Dimanche 20 janvier 2019 - 2e Dimanche Année C

M’a déçu

Isaïe 62,1-5 - Psaume 95,1-3.7-10 - 1 Corinthiens 12,4-11 - Jean 2,1-11
dimanche 20 janvier 2019.
 

Une mère se plaignait auprès de moi de cette appréciation portée par un enseignant sur le carnet d’un de ses enfants. En effet, l’auteur émet ainsi un commentaire fermé sur le passé, replié sur lui-même et parasité par sa subjectivité intrusive, pour ne pas dire par une affectivité envahissante bien typique de notre époque moderne. S’il espère ainsi piquer l’élève pour mieux l’inciter à se reprendre, il s’agit pour le moins d’une maladresse. Sans doute cherche-t-il aussi par coquetterie à innover par rapport au classique « peut mieux faire ». Mais il aurait mieux fait justement de s’en tenir à cette indication qui présente l’avantage considérable d’être objective et encourageante.

À propos, devant le miracle de l’eau changée en vin, ne serait-on pas tenté de penser : « Peut mieux faire » ? Dieu n’a-t-il pas tout créé à partir de rien ? Jésus n’aurait-il pas mieux manifesté sa gloire en faisant apparaître du vin dans des cruches vides ? D’ailleurs, « cana » signifie « créer, procréer » en hébreu. Notre goût est pour le merveilleux et les démonstrations de force, or, la discrétion et le respect des réalités sont plutôt les voies de Dieu. Mais surtout, l’essentiel est ailleurs, c’est le sens ; particulièrement chez Jean qui ne parle pas de « miracles », mais de « signes ».

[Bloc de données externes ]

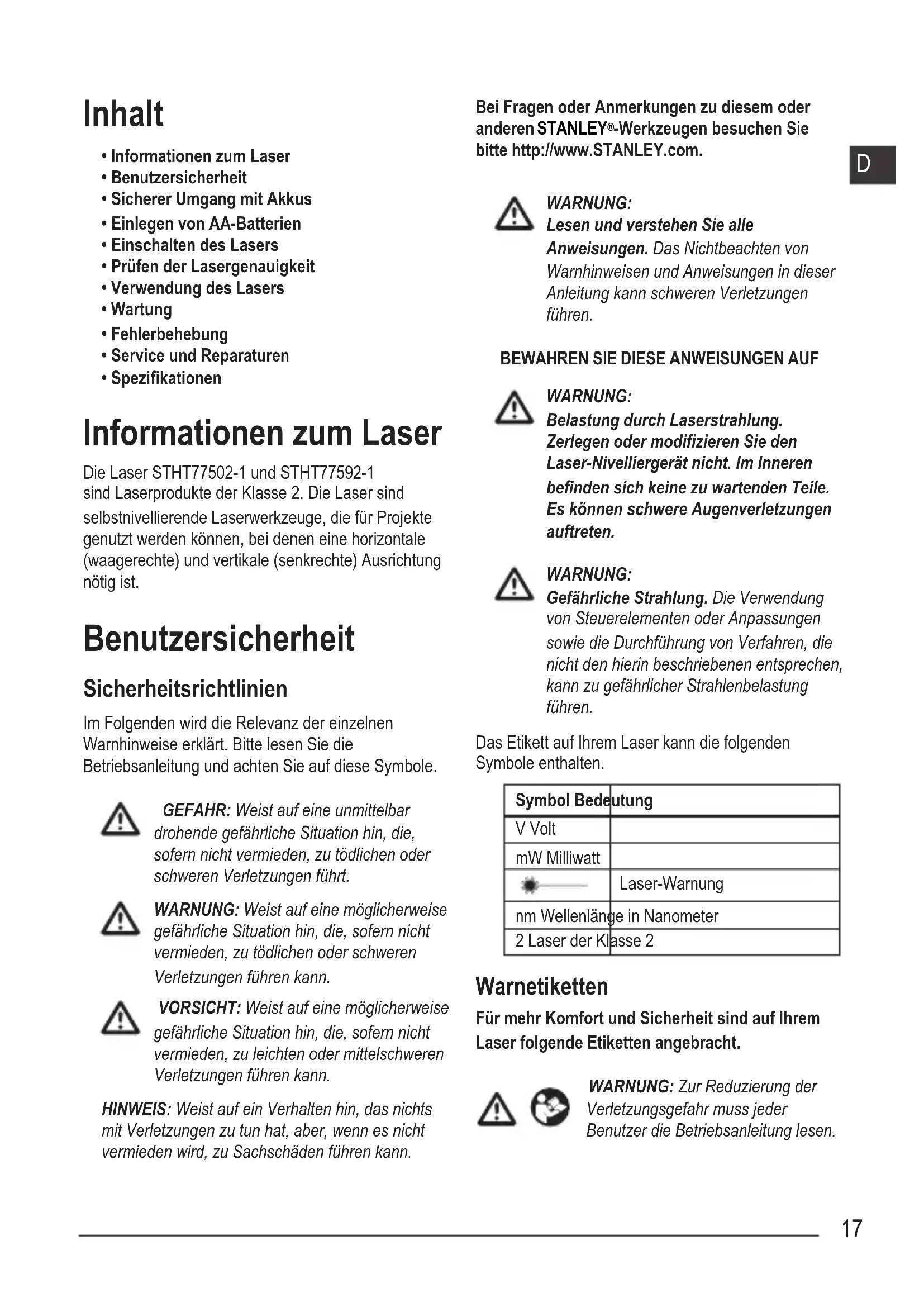 - Spezikationen Informationen zum Laser Die Laser STHT77502-1 und STHT77592-1 sind Laserprodukte der Klasse 2. Die Laser sind selbstnivellierende Laserwerkzeuge, die für Projekte genutzt werden können, bei denen eine horizontale (waagerechte) und vertikale (senkrechte) Ausrichtung nötig ist. Benutzersicherheit Sicherheitsrichtlinien Im Folgenden wird die Relevanz der einzelnen Warnhinweise erklärt. Bitte lesen Sie die Betriebsanleitung und achten Sie auf diese Symbole. GEFAHR: Weist auf eine unmittelbar drohende gefährliche Situation hin, die, sofern nicht vermieden, zu tödlichen oder schweren Verletzungen führt. WARNUNG: Weist auf eine möglicherweise gefährliche Situation hin, die, sofern nicht vermieden, zu tödlichen oder schweren Verletzungen führen kann. VORSICHT: Weist auf eine möglicherweise gefährliche Situation hin, die, sofern nicht vermieden, zu leichten oder mittelschweren Verletzungen führen kann. HINWEIS: Weist auf ein Verhalten hin, das nichts mit Verletzungen zu tun hat, aber, wenn es nicht vermieden wird, zu Sachschäden führen kann. Bei Fragen oder Anmerkungen zu diesem oder anderen STANLEY

Ici, l’eau signifie les larmes d’Israël, représenté par la « mère de Jésus » et « les serviteurs » qui l’ont puisée : « Toi qui comptes mes pas vagabonds, recueille en tes outres mes larmes - cela n’est-il pas dans ton livre ? » (Psaume 55/56,9). Il en est de deux natures : les larmes de la désolation devant les épreuves et dans les tribulations, comme celles de Rachel « qui ne veut pas être consolée parce que ses enfants ne sont plus », et les larmes du repentir où se réalise la conversion. Les unes et les autres, jaillissant « d’un cœur brisé, d’un esprit humilié » que Dieu accueille avec tendresse et miséricorde, sont mêlées dans les « cœurs de pierre » symbolisés par les jarres. Ensemble, elles constituent « l’eau pour la purification des Juifs » promise par le Seigneur : « Je verserai sur vous une eau pure et vous serez purifiés, j’enlèverai votre cœur de pierre et vous donnerai un cœur de chair ». Tel est le véritable miracle dont l’eau changée en vin de Cana est le signe : la création nouvelle par laquelle notre cœur guéri du péché est rendu capable d’aimer. L’opérateur de cette merveille, c’est la Pâque du Christ : sa souffrance et sa mort qui nous libèrent du mal, et sa résurrection qui nous établit dans la sainteté de l’amour.

Toutes les larmes du monde sont recueillies dans les souffrances de Jésus Christ pour qu’il les transforme en vin des noces, celles de l’Agneau et de son Épouse qu’il se présente à lui-même pure et sans tache parce qu’il la purifie et la libère du péché. Dans notre épisode, en effet, les mariés sont transparents car le véritable époux, c’est Jésus, et la véritable épouse, c’est l’Église en laquelle toutes les nations ont vocation à rejoindre Israël, y compris les déçus de Dieu.

Ces déçus attendent de Dieu ce que les hommes désirent dans leur trop courte vue de la vie. Ils ne savent pas que Dieu peut faire mieux que tout ce qu’ils avaient imaginé. Ils ignorent le don de Dieu et celui par qui il nous advient. Mais ses disciples ont vu sa gloire dans l’amour miséricordieux qui les unit et les ouvre à tous leurs frères humains. Ils regrettent et confessent leurs péchés en rendant grâce pour le pardon de Dieu obtenu par le sacrifice de Jésus, cette « Heure » où il laissera couler de son côté l’eau et le sang pour la purification des pécheurs dans les sacrements du baptême et de la réconciliation, et leur sanctification dans celui de l’Eucharistie. Ils supportent toutes les épreuves de l’existence en les offrant avec le Christ, mettant leur espérance en sa venue pour le « Festin des Noces éternelles » : ils ne seront pas déçus.